There are good reasons why one domain might want to have the DMARC reports about its traffic sent to a mailbox in a different domain. However DMARC.org has recently received several aggregate reports for a few seemingly random domains with no connection to DMARC.org – which is potentially a form of abuse itself, and one that’s addressed in the DMARC specification. So why are these reports being sent here? We’ll take a quick look at why and how this is done, and how that might change in the near future.

Specifying Reporting Destinations

Aggregate reports are sent via email to an address specified in the rua tag of a domain’s DMARC record. (Failure reports are similarly directed with the ruf tag.) The domain owner can set any address they would like as the value of the rua tag – a mailbox in the same domain, an address elsewhere within the organizational domain, or an address in a different domain altogether.

There are many reasons why you may wish to have these reports sent to a mailbox in a different domain from the one you’re publishing the record under. For example, you might manage several domains and want to have all the reports come to a single mailbox. Or you may wish to have these reports sent directly to a commercial report processor.

Potential Abuses

But there are at least two potential problems with publishing reporting addresses this way. First, spammers and others will pull these addresses and start sending a lot of random email messages to them. However this is a well-understood problem with putting any email address on the Internet. Second, bad actors could put somebody else’s address in their DMARC records, thereby turning DMARC’s reporting mechanism into a DDoS attack whenever they run a spam campaign.

In order to prevent this kind of abuse, the DMARC specification (RFC7489) describes an authorization mechanism that report generators must implement in Section 7.1, unless they have an alternate mechanism for restricting reporting abuses.

External Reporting Authorization Records

Under these rules, if the operators of example.com wanted to receive their aggregate reports at reports@otherdomain.com, hey would include this rua tag in their DMARC record:

rua=reports@otherdomain.com

When a report generator has an aggregate report to send to example.com, it will consult example.com‘s DMARC record and extract the address above. Since the domain in that address is not example.com or its organizational domain, it would have to make an authorization check first. It would take that domain the report is for (example.com), and the domain that the rua field references (otherdomain.com), and construct a new name like this:

example.com._report._dmarc.otherdomain.com

The report generator would then look that name up in DNS. If the domain operator for otherdomain.com has published a DNS record at that name with the contents “v=DMARC1”, then the report generator may send reports for example.com to an email address at otherdomain.com.

Why Did Those Reports Arrive at DMARC.org?

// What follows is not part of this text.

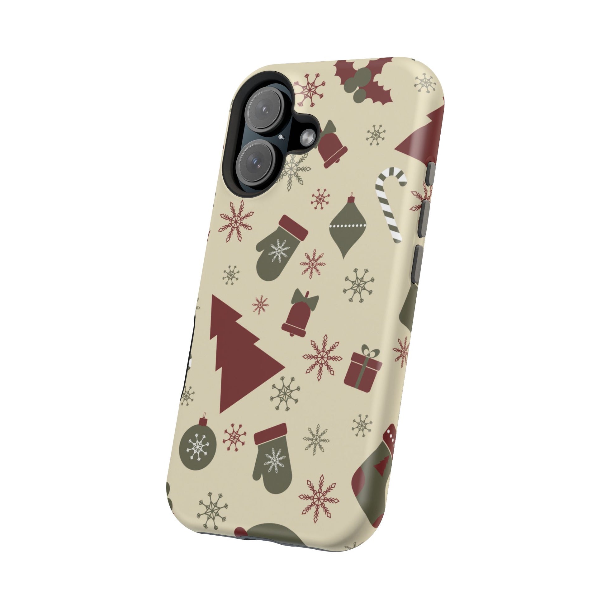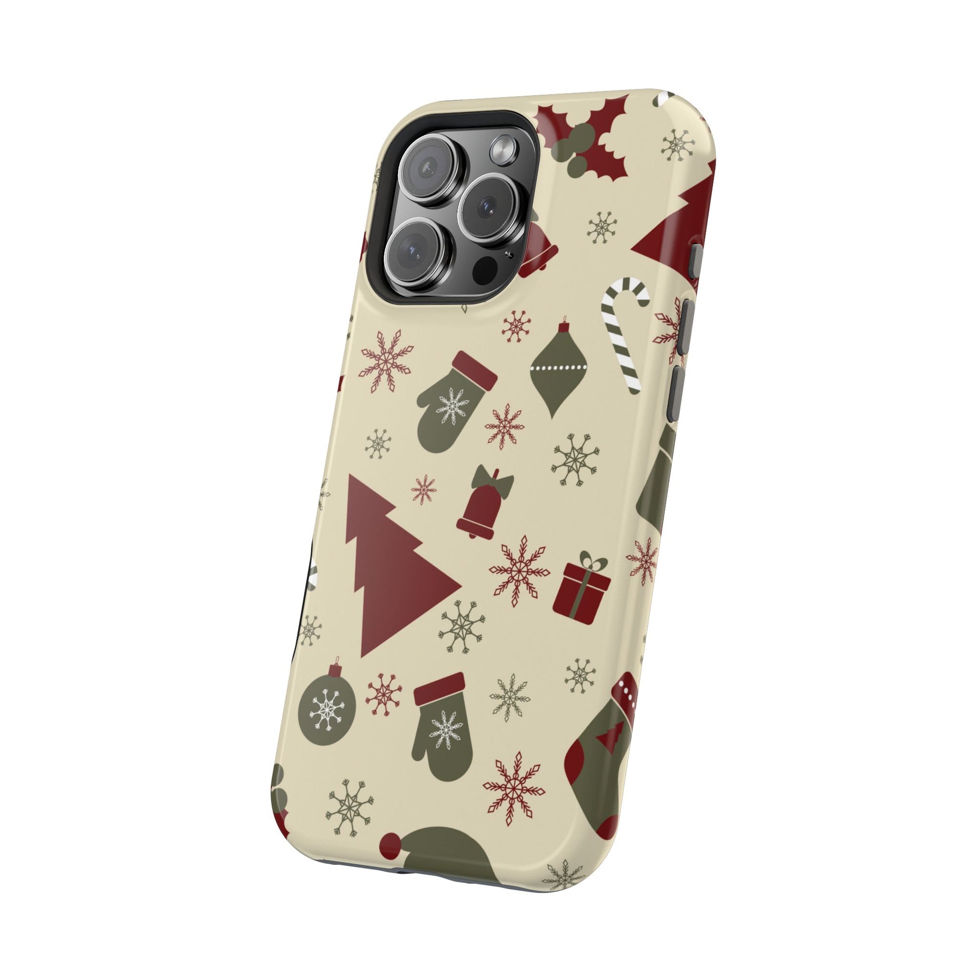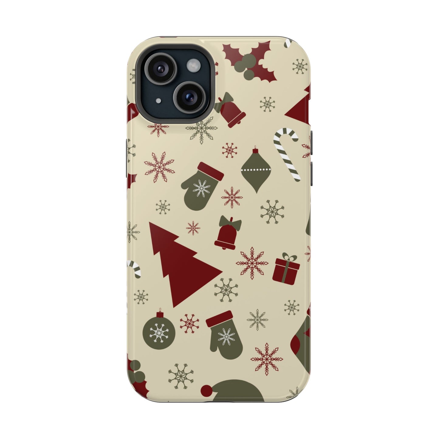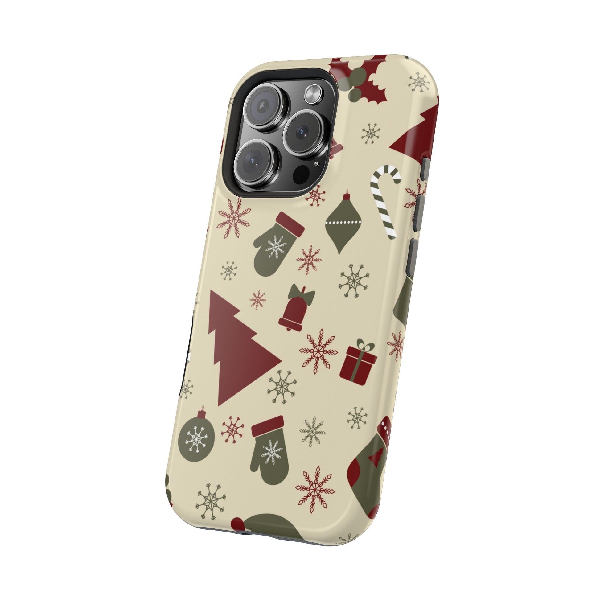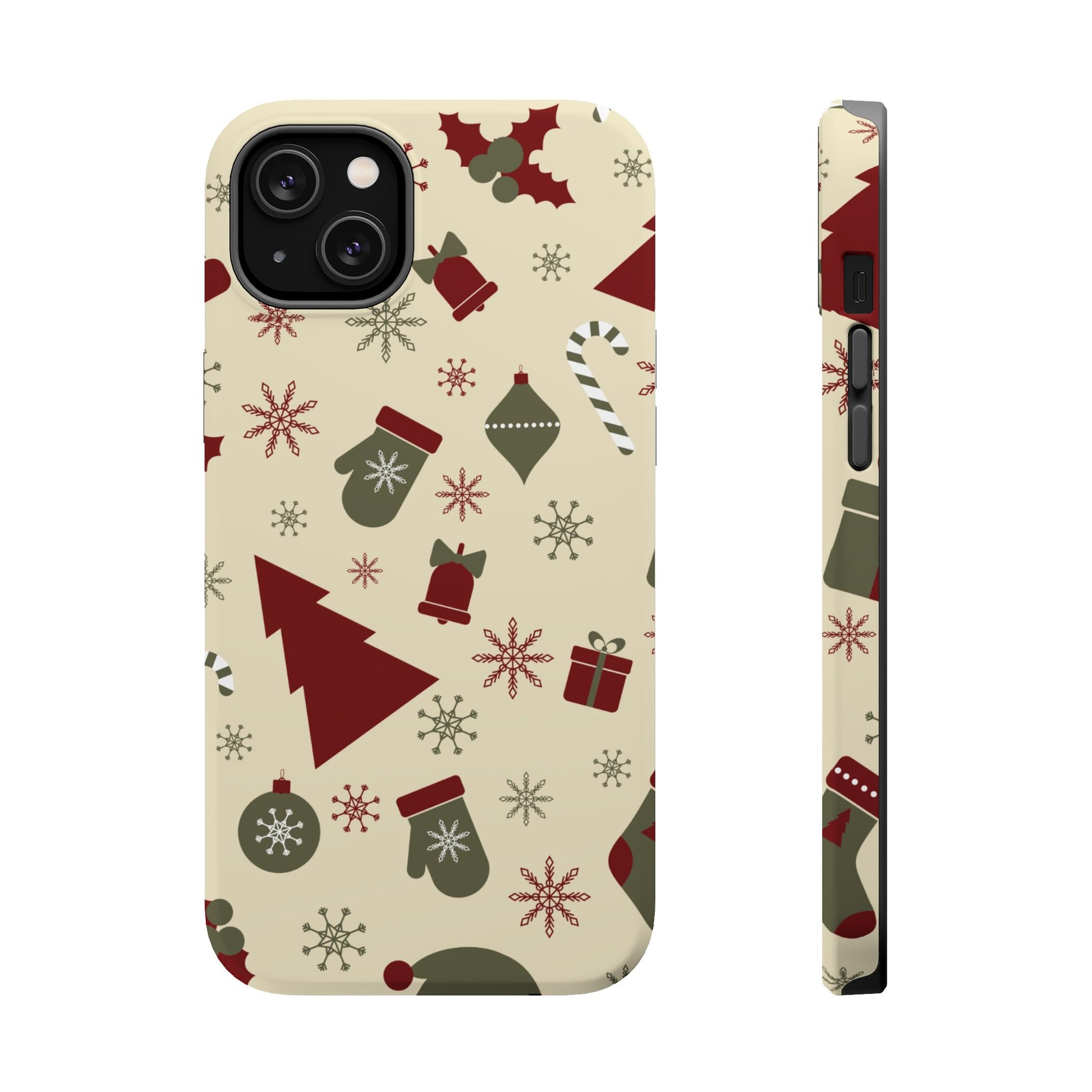Embrace the spirit of the season with our Vintage Holiday Cheer MagSafe iPhone Case! This charming design showcases festive icons in classic red, green, and cream tones, including snowflakes, Christmas trees, candy canes, and gift boxes, all set on a warm, beige background. Perfect for adding a touch of retro holiday style to your phone, this case brings nostalgic holiday vibes wherever you go. Crafted from durable materials, it provides reliable protection against everyday bumps and scratches while keeping your phone lightweight and sleek. Celebrate the holidays in style with this festive, functional case!

Back to what started all this, DMARC.org received aggregate reports for a couple random domains. For some reason, the people operating those domains decided to put a DMARC.org email address in the rua field of their DMARC records. But this shouldn’t have mattered, because DMARC.org doesn’t publish external reporting authorization records for those domains – right? Right – provided the report generators were checking for those authorization records…

New standards often encounter race conditions, or chicken or the egg problems in the course of adoption. In the case of external reporting authorization records, a few email receiving sites that deployed DMARC early on observed that most sending domains had not yet deployed external reporting authorization records. They chose to temporarily disable this check in order not to stifle the initial wave of adopters, and unfortunately didn’t revisit the situation later.

Changes Are Coming

However readers should be aware that these report generators are planning to correct this situation. DMARC.org will attempt to spread the word when such changes are scheduled, and hopefully the resources on our site will help anybody impacted resolve the issue quickly.